Опубликовано в журнале Дружба Народов, номер 1, 2022
Литература потеряла свой статус «властителя дум» и, самое главное, теряет читателя. А безответной литературы не бывает — скромница сидит в уголочке, не видно — не слышно. Да, тиражи падают, не только у литературных журналов они упали в тысячу раз в сравнении с невероятным, правда, взлетом конца 80-х, но и у книг, и не просто у худлита, но даже у массовой литературы — ее теперь можно называть массовой по жанрам, но не по тиражам. Наблюдать этот процесс равнодушно? Не у всех получается. Причем, если бы речь шла только о современной словесности, это бы не так ранило. Но речь идет и о классике, о литературе как таковой. ФБ пестрит душераздирающими снимками мусорных баков, куда скинуты тома собраний сочинений. Недавно была в Алматы, в симпатичном на первый взгляд кафе, где внутренняя стена была сделана из бетона со вбитыми в него навеки книгами, корешком иногда наружу. В общем, устроители интерьера не особо старались спрятать — корешки томов Пушкина, Чехова, Ильфа и Петрова, какая-то техническая литература, справочники… писатели казахские, немецкие, всякие… целая библиотека вмурована в серый цемент. Такой памятник нечтению, превращение книги в подобие строительного материала.
В этой ситуации те, кто возвращает к книге, и не в плоско иллюстративном, а в неожиданном сценическом прочтении или экранизации, поступают правильно. Верным путем идете, товарищи. Путем перепрочтения и воображения.
В истекшем календарном году, когда все-таки появилась возможность вакцинации, а значит, и осторожной надежды на спасение от смертельно опасного заболевания, нас постарались вернуть к книге театры.

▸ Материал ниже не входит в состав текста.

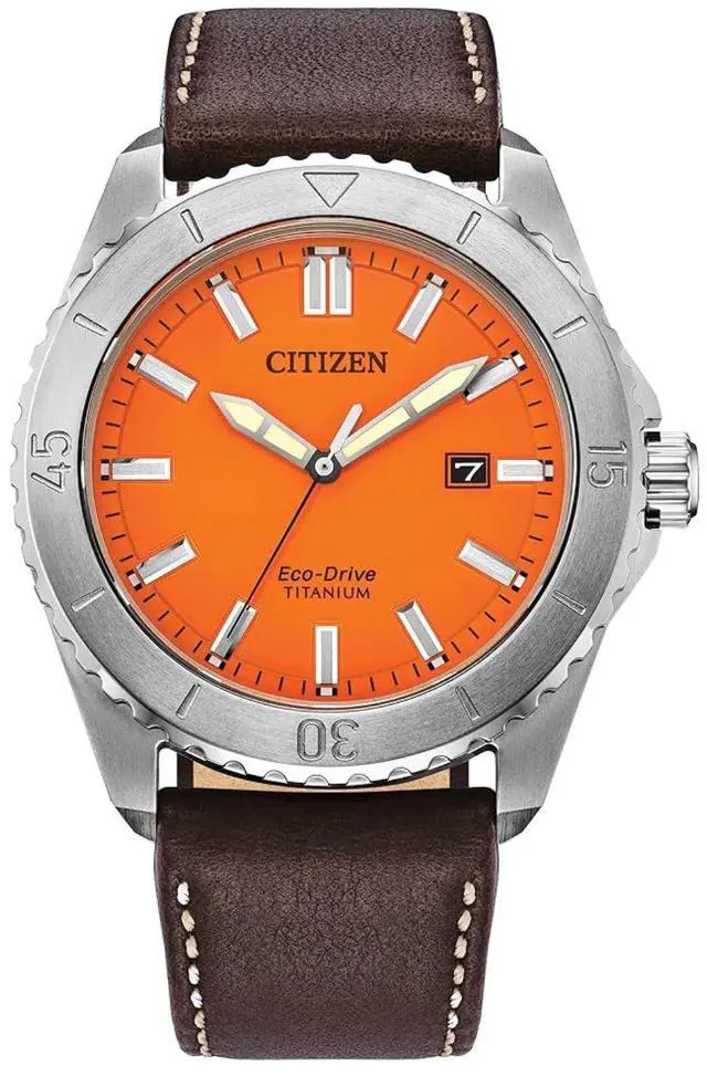 Stainless steel case, Leather strap, Orange dial, Quartz movement, Scratch resistant sapphire, Water resistant up to 10 ATM - 100 meters - 330 feet

Говорят, что популярнейшая на американском ТВ телеведущая Опра Уинфри в своей ежедневной программе обмолвилась, что ночь не спала, читая роман «Анна Каренина» и решая, выйдет ли Анна за Вронского (шучу, шучу), — на следующий день двадцать миллионов домохозяек раскупили все экземпляры, а издатели бросились допечатывать роман.

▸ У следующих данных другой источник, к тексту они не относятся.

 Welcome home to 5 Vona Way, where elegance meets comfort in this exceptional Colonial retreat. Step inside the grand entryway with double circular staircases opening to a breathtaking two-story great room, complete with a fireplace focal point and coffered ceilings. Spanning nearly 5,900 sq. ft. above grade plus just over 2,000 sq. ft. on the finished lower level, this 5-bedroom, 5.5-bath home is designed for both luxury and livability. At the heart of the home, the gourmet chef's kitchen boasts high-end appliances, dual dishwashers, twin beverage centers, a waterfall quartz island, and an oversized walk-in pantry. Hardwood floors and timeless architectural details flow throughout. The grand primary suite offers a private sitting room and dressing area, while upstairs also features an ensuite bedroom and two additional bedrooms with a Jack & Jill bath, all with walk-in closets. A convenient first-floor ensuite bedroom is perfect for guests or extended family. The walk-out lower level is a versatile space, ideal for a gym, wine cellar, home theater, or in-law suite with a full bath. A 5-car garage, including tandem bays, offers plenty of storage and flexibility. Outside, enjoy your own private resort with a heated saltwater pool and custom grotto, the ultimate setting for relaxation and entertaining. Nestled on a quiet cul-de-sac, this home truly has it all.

Не знаю, не знаю, — но нет у нас телеведущей, сопоставимой по популярности с Опрой, в ином случае сказала бы: идите в театр Вахтангова, смотрите «Войну и мир», поставленную Римасом Туминасом, а после — возьмите в руки роман Толстого. Потому что Туминас (ах уж эти режиссеры-литовцы, замечательно правящие московскими театральными сценами) сделал за пятичасовой спектакль главное: он оживил и вернул нам подлинного Толстого. Не того, в препоясанной рубахе, с длинной бородой, который, шутливо остраняя действие, проходит сквозь сцену мимо артистов и иронически их комментирует, и это очень хорошо придумано, снимает пафос, — а Толстого-автора. Здесь надо понимать, что и минимализм (сцены, декораций), и максимализм (грандиозные толстовские смыслы, отчаяние героев в предощущении трагедии и ее неизбежность) Туминасом сопрягаются — в одних сценах. А вопросы, которые задают герои Толстого себе, друг другу и зрителям, — вечно актуальные. В том числе — в литературе. Что есть патриотизм подлинный — и мнимый? Где наша родина, сынок? Что есть красота? Жертва? Амбиция? — И бегом домой, к Толстому, с чувством живейшей благодарности театру, таким спектаклем отметившему свое столетие.

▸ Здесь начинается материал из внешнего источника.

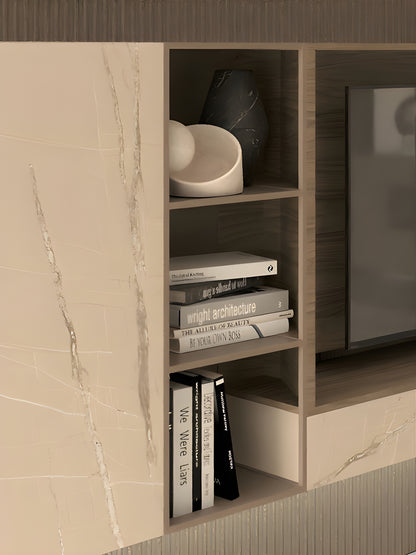 A modular TV wall system with lacquer, marble melamine, and bronzed glass details.

Так же спешишь домой, чтобы ревниво взять из книжного шкафа том Михаила Булгакова с романом «Мастер и Маргарита», культовым, как нынче говорится, романом уже середины ХХ века, после балета в Большом театре — а поставил приглашенный из другой страны, Словении, Эдвард Клюг. Конечно, хочется думать, что и Толстой, и Булгаков настолько известны, что сюжеты и характеры от зубов отлетают, — но, уверяю вас, это не совсем так. По крайней мере, в напряженном внимании зала витала и проклятая неизвестность: что дальше? Что будет после «Танцев» в Доме Грибоедова? Куда повезут санитары ошеломленных фокусами посетителей Варьете? Как распорядится Воланд балом Сатаны? И все это остроумно срежиссированное и блистательное по хореографии действо стремительно ведет к роману, к чтению, к шелесту страниц, к упоению текстом.
А третье впечатление, сильнее сильных, — это Дмитрий Крымов с его неудержимым театральным реваншем последних полутора лет. «Борис Годунов», «Костик», как и предыдущий «Серёжа» (замысел по «Анне Карениной»), «Дон Жуан, репетиция» — тоже возвращают к книге и книгам. Книгу (новенькую) я и приобрела в магазине «Фаланстер» — книгу Дмитрия Крымова «Своими словами», изданную НЛО. Оказалось, что режиссер и художник, Крымов еще и сочинитель. Он сочиняет свои спектакли и записывает их перед тем как ставить. Там собрано семь таких сочинений, крымовских пьес-интерпретаций. Можно прочесть до похода на спектакль, можно и после, чтобы сравнить увиденное с воображаемым тобой лично, когда впервые прочел на бумаге то, что нафантазировал поверх собственных букв Крымов. Книге предпослано предисловие Инны Соловьёвой, старейшины цеха театральных критиков. Меня поразило и ободрило это предисловие — ничего, инда еще побредем, не все потеряно, когда у нас есть такие спектакли, такие книги и такие критики.